AEIVA at NightThe couple credits former School of Arts and Humanities Dean Bert Brouwer for cultivating the relationships with Hal and Judy Abroms and Marvin and Ruth Engel, who helped make the institute a reality. When the concept for the UAB art institute began to take shape, Sokol and Cheney were on board. Their connections in the contemporary art world have inspired some of AEIVA’s landmark exhibitions, which have often included pieces from their personal collection.

In late 2013, after inviting artist Titus Kaphar to tour campus while he stayed with them, Sokol brought him to see the installation of AEIVA’s first show. As soon as he saw AEIVA, the artist declared, “I want to have a show here.” This led to the exhibition “Titus Kaphar: Misremembered,” which Fields organized. The next year, Kaphar received a prestigious MacArthur “Genius” Fellowship.  

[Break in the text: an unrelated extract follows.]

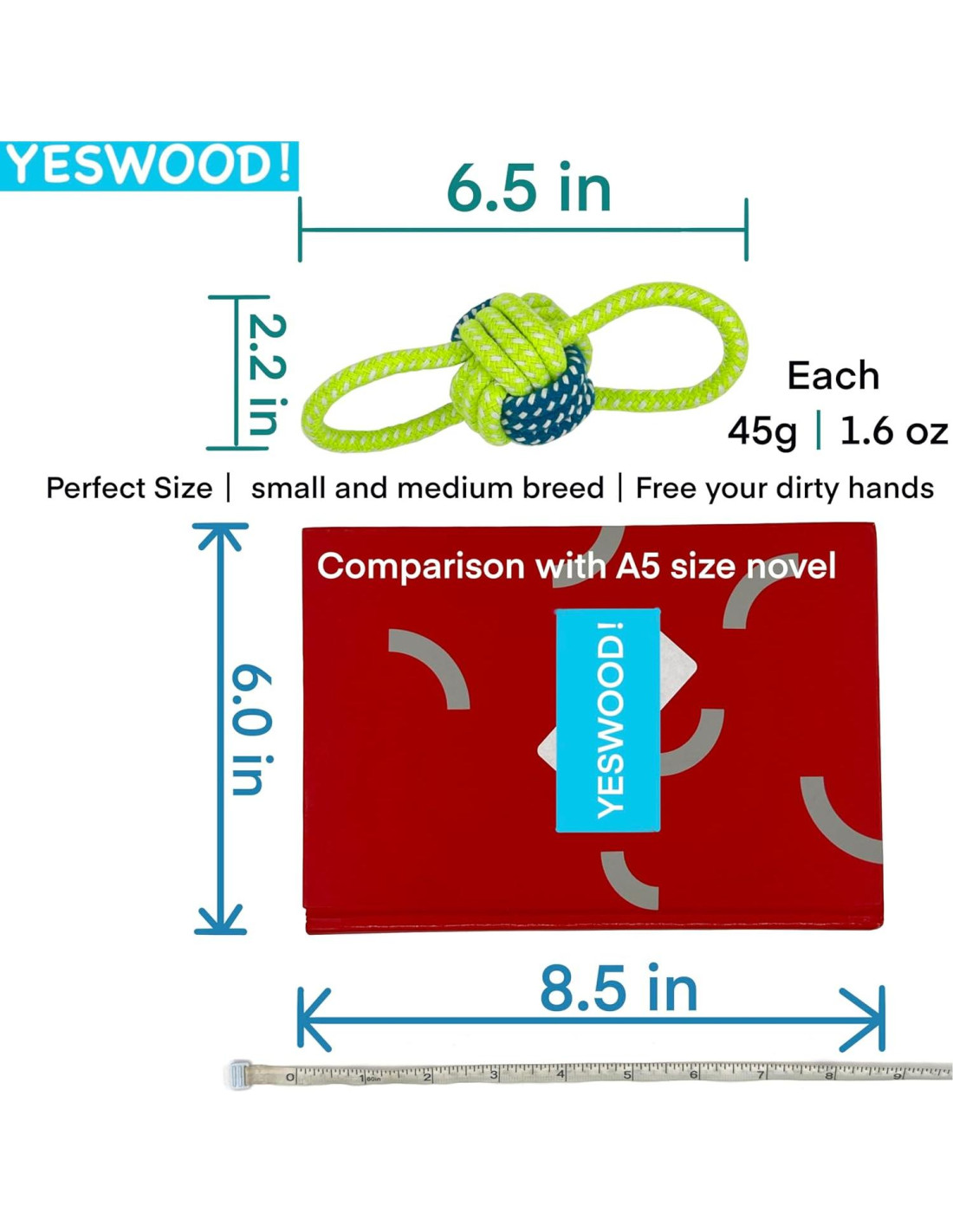 Consiste en 4 pelotas de perro casi indestructibles con juguetes de cuerda. Fue diseñado originalmente para el juego de tira y afloja y también para el juego de buscar. Para la mayoría de los perros pequeños y medianos, esta pelota puede ser fácilmente mordida por el perro. Para muchos perros grandes, este tamaño también es justo para ellos durante la etapa de cachorro. Para muchos perros x pequeños, esta esfera de 5.58 centímetros de diámetro no es demasiado grande, y la suave cuerda de algodón puede limpiar sus dientes.

Cheney and Sokol have directly facilitated or contributed works to several other pivotal AEIVA exhibitions, including “Leslie Wayne: Mind the Gap,” “A La Carte: A Visual Exploration of our Relationship with Food,” “Enrique Martínez Celaya: Small Paintings 1974-2015,” “Material Evidence,” “Willie Cole: Transformations,” “Warhol: Fabricated,” “Thornton Dial: I, Too, Am Alabama” and “Marking Time: Art in the Age of Mass Incarceration.” 

Visit AEIVA, 1221 10th Ave. South, Birmingham, from noon-5 p.m. Tuesday-Saturday. Admission is free. Visit or call 205-975-6436. Explore AEIVA’s virtual learning library here.

“With AEIVA, we have had the opportunity to build our culture from the ground up. And so, this first 10 years will sort of inform every future version of AEIVA,” Fields said. “Long after I am gone, long after Lili is gone, the foundation of what we have created will ripple on for the next half century, and we are very proud of that.”